▶ **DATASET CONTENT**:
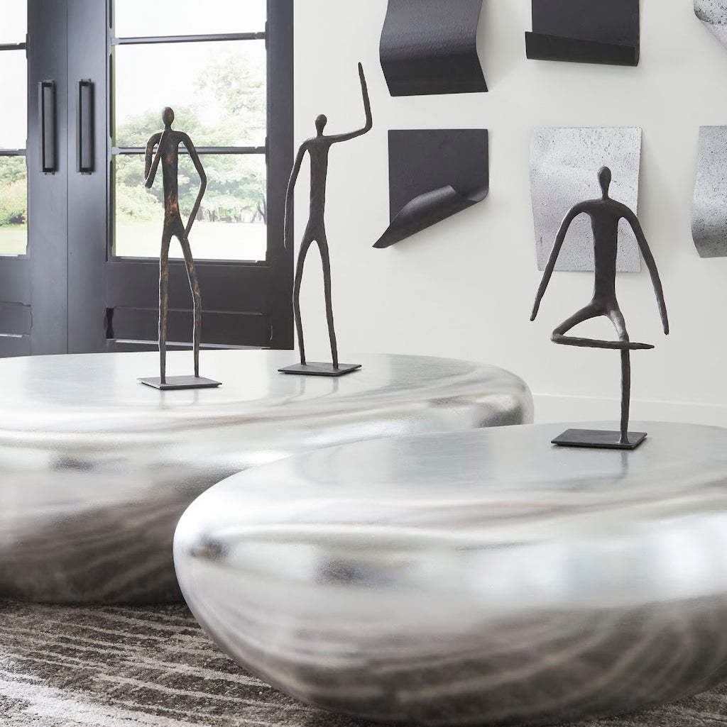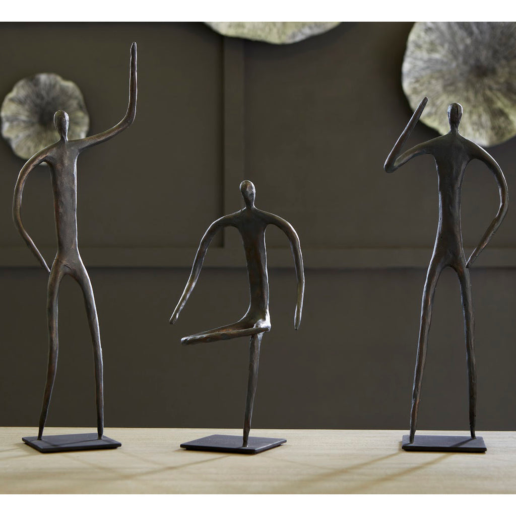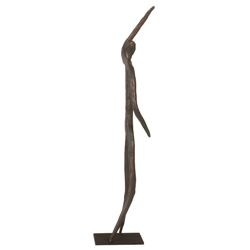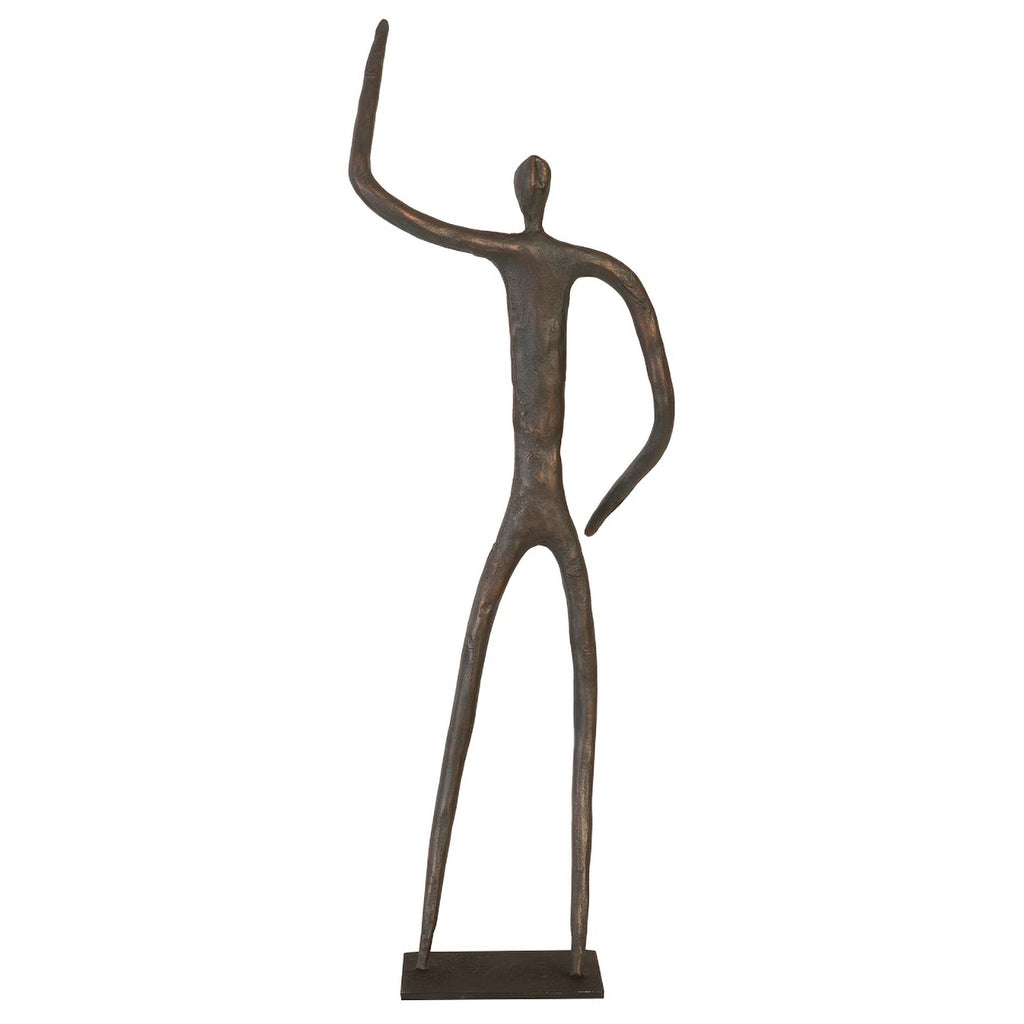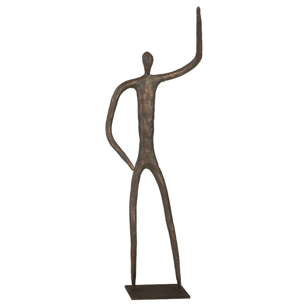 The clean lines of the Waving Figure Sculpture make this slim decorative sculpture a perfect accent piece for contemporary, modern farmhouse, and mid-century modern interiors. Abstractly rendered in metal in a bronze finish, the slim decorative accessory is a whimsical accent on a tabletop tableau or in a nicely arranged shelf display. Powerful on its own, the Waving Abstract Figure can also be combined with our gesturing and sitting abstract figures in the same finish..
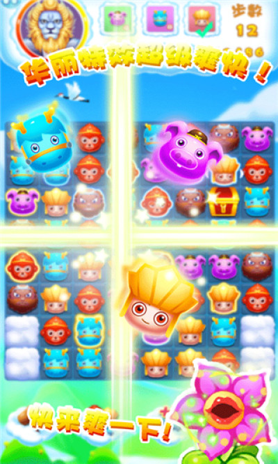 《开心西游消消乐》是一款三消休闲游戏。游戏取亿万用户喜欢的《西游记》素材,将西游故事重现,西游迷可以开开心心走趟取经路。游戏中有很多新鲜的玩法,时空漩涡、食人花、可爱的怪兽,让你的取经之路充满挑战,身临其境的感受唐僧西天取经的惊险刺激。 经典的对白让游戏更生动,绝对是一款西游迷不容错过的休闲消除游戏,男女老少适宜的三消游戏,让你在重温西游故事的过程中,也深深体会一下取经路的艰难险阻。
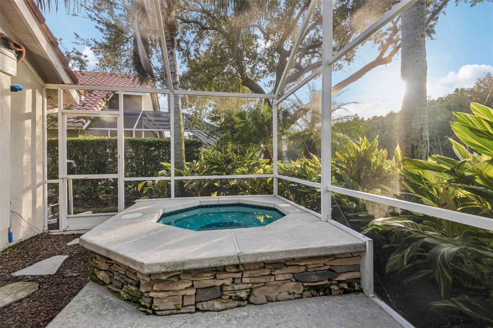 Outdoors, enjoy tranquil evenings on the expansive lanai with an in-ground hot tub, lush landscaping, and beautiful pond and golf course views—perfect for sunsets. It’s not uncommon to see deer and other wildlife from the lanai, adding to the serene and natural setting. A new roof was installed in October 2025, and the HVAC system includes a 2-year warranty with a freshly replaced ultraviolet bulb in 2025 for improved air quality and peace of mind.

▶ **WORK TASK**:
Reproduce the material above verbatim; omit every picture.

▶ **YOUR SOLUTION**:
 The clean lines of the Waving Figure Sculpture make this slim decorative sculpture a perfect accent piece for contemporary, modern farmhouse, and mid-century modern interiors. Abstractly rendered in metal in a bronze finish, the slim decorative accessory is a whimsical accent on a tabletop tableau or in a nicely arranged shelf display. Powerful on its own, the Waving Abstract Figure can also be combined with our gesturing and sitting abstract figures in the same finish..
 《开心西游消消乐》是一款三消休闲游戏。游戏取亿万用户喜欢的《西游记》素材,将西游故事重现,西游迷可以开开心心走趟取经路。游戏中有很多新鲜的玩法,时空漩涡、食人花、可爱的怪兽,让你的取经之路充满挑战,身临其境的感受唐僧西天取经的惊险刺激。 经典的对白让游戏更生动,绝对是一款西游迷不容错过的休闲消除游戏,男女老少适宜的三消游戏,让你在重温西游故事的过程中,也深深体会一下取经路的艰难险阻。
 Outdoors, enjoy tranquil evenings on the expansive lanai with an in-ground hot tub, lush landscaping, and beautiful pond and golf course views—perfect for sunsets. It’s not uncommon to see deer and other wildlife from the lanai, adding to the serene and natural setting. A new roof was installed in October 2025, and the HVAC system includes a 2-year warranty with a freshly replaced ultraviolet bulb in 2025 for improved air quality and peace of mind.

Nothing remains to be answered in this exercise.